Happy Birthday Susan! Here's hoping we both have a Great Day, you with your B-Day and me with my stuff out here in Cali. You are the greatest!


----------



## Hauntiholik (May 17, 2006)

Happy birthday GG!


----------



## ScareFX (Aug 18, 2004)

Happy birthday!


----------



## DeathTouch (Sep 6, 2005)

Happy Birthday.


----------



## grapegrl (Jan 3, 2006)

Wow! Thanks, everybody! It's been a nice, relaxing day so far and I'm going out to dinner tonight. Tomorrow we'll be celebrating all day with my fiance's family in the afternoon and then my family tomorrow evening. Thanks again for all the birthday wishes!


----------



## Frighteners Entertainment (Jan 24, 2006)

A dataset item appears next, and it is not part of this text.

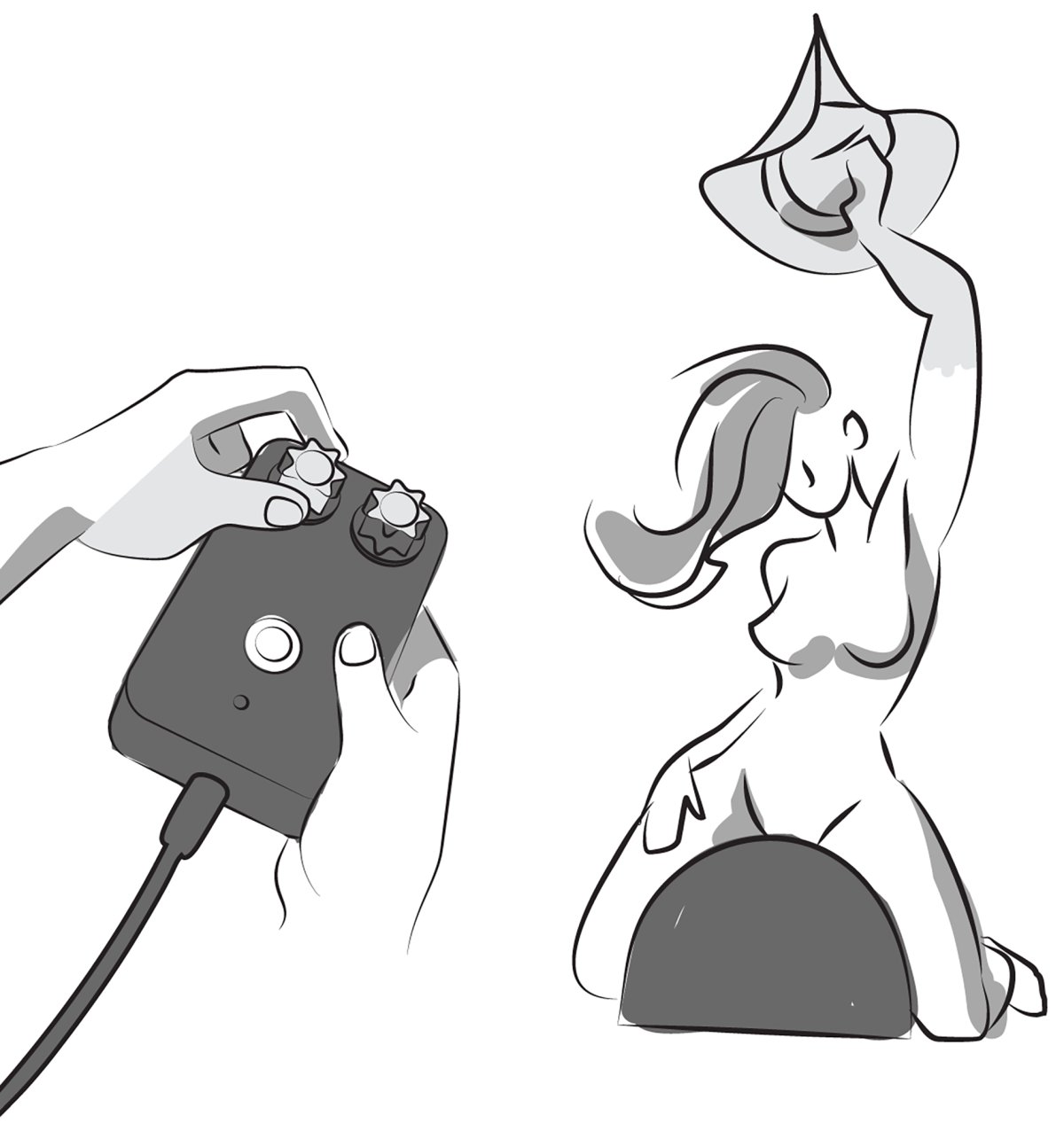 - Nepenetrační nástavec – má jednu stimulační vlnu a drobné výstupky pro dodatečné potěšení. Slouží pro grinding (stačí nasednout a třít o něj své intimní partie).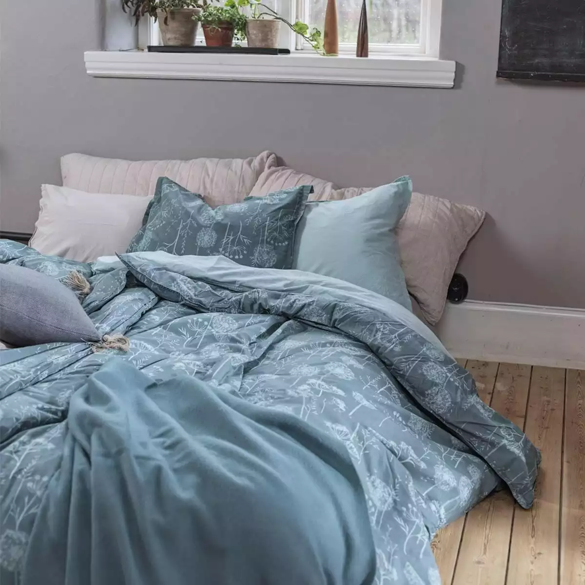 Vi presenterar även en ny ekologisk kvalitet i Gripsholms bäddsortiment. Tvättad bomull är en mjuk kvalitet som ger färgerna en vacker, matt och modern känsla. Sängkläderna blir mer och mer behagliga och karaktäristiska för varje tvätt och vingen på kuddarna framhäver den tvättade looken.

WoW! a birthday for you!!! You don't look a day over 35!! LOL j/k

You behave!


----------



## PrettyGhoul (Oct 7, 2005)

*Happy Birthday grapegrl!! I hope you have a wonderful time!!*


----------



## dynoflyer (Oct 8, 2006)

A very happy birthday to ya, Grapegirl! Now, go have a nice glass of wine to celebrate!


----------



## Hella (Feb 6, 2006)

Happy Birthday Grapegrl!! I hope you have a great day and Enjoy your celebrations!!


----------



## slimy (Jul 12, 2006)

Hope you have a grape birthday, GG.


----------



## Ghostess (Aug 21, 2005)

Happy
birthday!!!!!!!


----------



## MrsMyers666 (Apr 13, 2006)

Happy Birthday! Signed on just for you. Hope you have a great birthday weekend!


----------



## grapegrl (Jan 3, 2006)

Thanks again, everyone! (Hi, MrsM...great to see you!!) I had a great day and the fun continues tomorrow...


----------



## DeadSpider (Feb 3, 2006)

*Have a good one GG!!*


----------



## grapegrl (Jan 3, 2006)

Thanks, DeadSpider and all my other spooky friends! Well, I spent the whole day eating and I'm miserable...ugh. I think I'll fast until Thanksgiving. :zombie:

I got some nice loot including a second generation iPod Shuffle and some Chococat flip-flops from my sweetie, a Wizard Cat candle lamp from the _Windstone by M. Pena_ collection and a Lenox "Count Catula" figurine, both from my parents. Got lots of other nice little goodies from other friends and family and had a very enjoyable weekend.


----------